Is hyperinflation on the horizon? Once inflation is finally clear to everyone it will simply be too late to stave it off for two key reasons:

1. The price level is a key indicator. Printing excess money is the first thing to happen; from there we go to higher costs.

2. The masses will finally notice consumer prices for all common goods and services skyrocket. The reason for prices going vertical will be because all consumer prices will have been reevaluated. This means they have been converted to their real value, that of hard assets such as gold or silver. This is how investors find protection, in assets that naturally hedge inflation.
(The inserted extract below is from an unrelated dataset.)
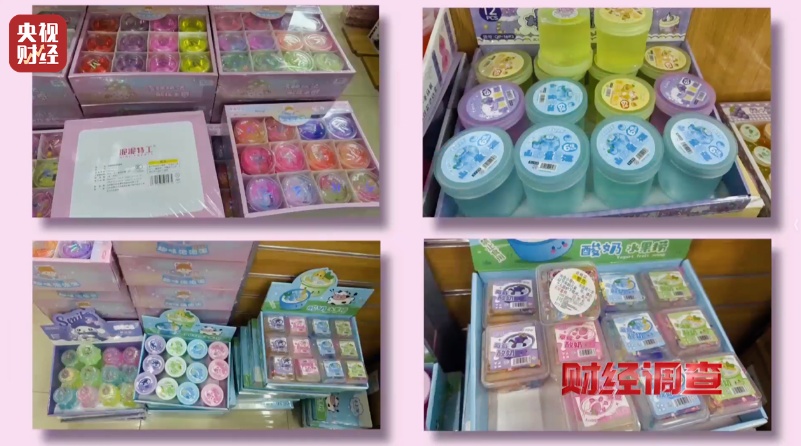 总台记者调查发现,在济南市、郑州市、临沂市等地的部分超市、文具店中,均有正在出售的“三无”软泥玩具。
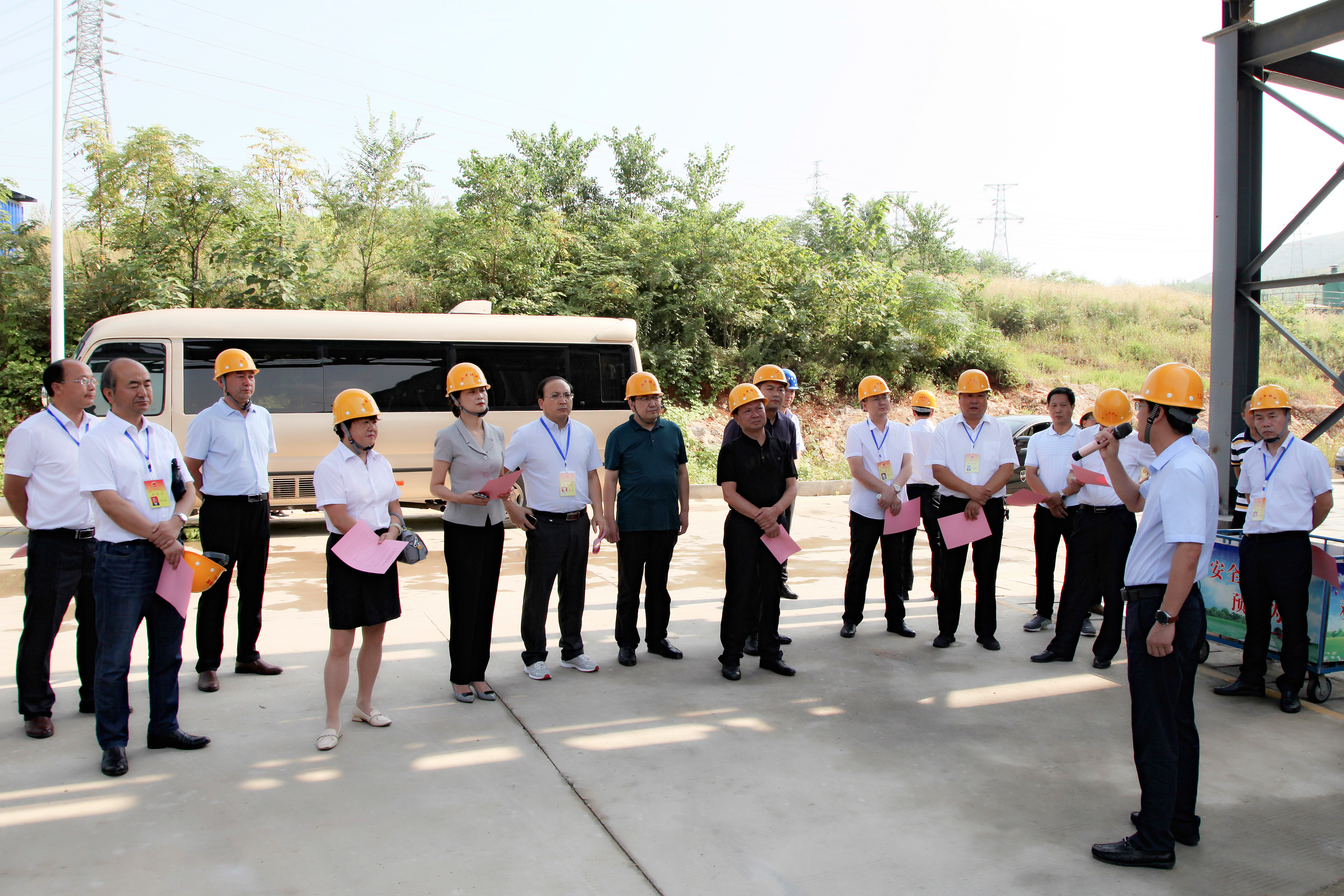 青山環繞,草木蔥蘢。視察組來到山腳下的公司渣綜合利用無害化處理車間,詳細了解浸出渣管理情況、渣處理生產工藝、環保技術以及試生產準備情況,王瑜作了匯報。

Many of your family, friends and relatives will not be worrying at a time like now, they don't see the signs. This is the time where they should really prepare. These could also be the same people who missed the warning signs on the housing bubble collapse, and the banking system which was on the verge of self-destruction a few years back. Once talking about inflation becomes common gossip, both the Fed and you will not be able to do anything to stop it. Instead, you will be watching your existence and standard of living going down the toilet.

Hyperinflation is resting upon an economic house of cards in America. The risk of one card getting knocked out by the constant mismanagement from Government and the Fed is too great. That house is about to collapse, so get yourself prepared today while time is still on your side. Invest in hard assets such as physical gold and silver and hedge your assets against massive inflation and ultimately the destruction of paper money.